Although aspirin has been a stalwart treatment in the prevention and treatment of myocardial infarction and stroke, it does not have its expected effects in a significant proportion of the population. This phenomenon has been termed "aspirin resistance". Omega-3 fatty acid supplementation has been associated with a reduced risk of sudden cardiac death and myocardial infarction. The beneficial effects of omega-3s are considered to be partially due to their ability to prevent platelet aggregation. However, the ability of omega-3s to enhance the effects of aspirin in those who suffer from aspirin resistance has not been determined. It is known that aspirin stimulates the production of potent lipid mediators from omega-3 fatty acids and that these mediators have powerful antiinflammatory and tissue-protective effects. Thus, the treatment of individuals at high risk for myocardial infarction and stroke with both aspirin and a pharmaceutical-grade omega-3 fatty acid medication may be a powerful combination in the prevention and treatment of life-threatening cardiovascular disease.

Study Protocol: Non-smoking male and female subjects between the ages of 18 and 50 not taking any medications, vitamin pills, nutritional supplements, or herbal preparations were recruited. Subjects with a history of chronic diseases (e.g. cardiovascular, renal, hepatic, neurodegenerative, neoplastic, metabolic {diabetes}, hypertension; based on screening medical history, a complete blood count, and comprehensive metabolic profile), or allergic reactions to aspirin, fish, fish oils, or non-steroidal anti-inflammatory drugs were excluded. Other exclusions included drinking more than three alcoholic beverages a day, or having any of the following conditions: an ulcer or bleeding in the stomach, liver or kidney disease, bleeding or blood clotting disorder (e.g. hemophilia), congestive heart failure, fluid retention, high blood pressure, gout, asthma, arthritis, or nasal polyps. This was a randomized, placebo-controlled, double-blinded trial with a cross-over design. Each subject served as his/her own control. The study involved four visits four weeks apart, all hosted in the University of Rochester Clinical Research Center. At each separate study visit, each subject received (using a randomized protocol) placebo, 81 mg aspirin, 4 g Lovaza(R)(3.4g of EPA+DHA), or both aspirin and Lovaza(R). Thus, each subject received each of these treatments individually in a random fashion over the four visits. Subjects, Center staff, and investigators were blinded as to which treatment was given at each visit and this ensured by the study pharmacist making the tablets and capsules for each treatment appear identical. Prior to each visit, subjects ate a standard low-fat dinner the prior evening, then fasted for at least 8 hours prior to arrival at the Center. Subjects were required to abstain from taking aspirin or non-steroidal anti-inflammatory drugs for 10 days prior to each visit and omega-3 fatty acids for 30 days prior to the baseline study visit, and all subsequent clinic visits. Visits lasted approximately 6 hours, with subjects at bedrest. A venous catheter was placed in a peripheral vein (saline lock, 18 gauge or larger, {no heparin used} in the forearm) with blood drawn, at baseline and 4 hours post-treatment, into citrated tubes at each visit for Platelet Function Analyzer-100 (PFA-100-Siemens, Deerfield, IL) closure time testing.

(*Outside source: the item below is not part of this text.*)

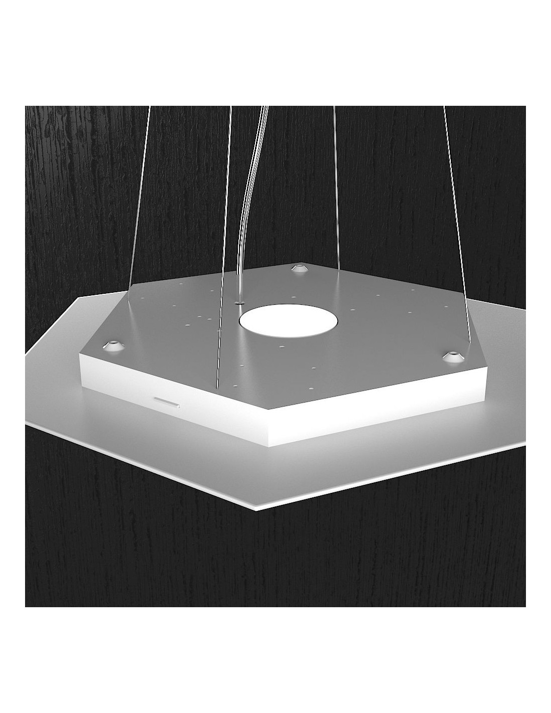 La sospensione della collezione HEXAGON é composta da una sottile piastra a forma di esagono realizzata in metallo verniciato. Questo modello permette di aggiungere una luce disposta sul lato superiore della piastra per illuminare il soffitto, in modo da uniformare la luminosità. Cavi regolabili in lunghezza.

Subjects were provided with a standard low-fat breakfast after the baseline phlebotomy.

Study Type

Interventional

Enrollment (Actual)

27

Phase

  • Phase 2
  • Phase 1

Contacts and Locations

This section provides the contact details for those conducting the study, and information on where this study is being conducted.

Study Locations

    • New York
      • Rochester, New York, United States, 14642
        • University of Rochester School of Medicine and Dentistry

Participation Criteria

Researchers look for people who fit a certain description, called eligibility criteria. Some examples of these criteria are a person's general health condition or prior treatments.

Eligibility Criteria

Ages Eligible for Study

18 years to 50 years (Adult)

Accepts Healthy Volunteers

No

Genders Eligible for Study

All

Description

Inclusion Criteria:

  • Willing to participate by providing informed consent and committing to complete the study. This includes adhering to the study diet.
  • No chronic disease by history and based on a complete blood count and comprehensive metabolic profile.
  • Commitment to not taking aspirin, non-steroidal anti-inflammatory medications, and to limit fish intake to ≤2 meals during the 7 days prior to each CRC study period. They will also need to abstain from taking a list of over-the-counter medications that include aspirin. For the duration of the study, they will also be asked to abstain from taking fish and flax seed oil supplements.

Exclusion Criteria:

  • Reports the presence of chronic disease (e.g. cardiovascular, renal, hepatic, neurodegenerative, neoplastic, metabolic {diabetes}, hypertension).
  • Reports taking a systemic medication chronically.
  • History of serious adverse reaction or allergy to aspirin or fish oil.
  • Baseline platelet count <100 000 or >500 000, hematocrit <30%, or white blood cell count >20 000.
  • Any abnormality from a screening CBC and complete blood count that suggests acute or chronic disease.
  • Nicotine user.
  • History of alcohol abuse
  • Pregnancy by history or urine/serum pregnancy test
  • History of intestinal malabsorption syndrome including gastric bypass surgery

Study Plan

This section provides details of the study plan, including how the study is designed and what the study is measuring.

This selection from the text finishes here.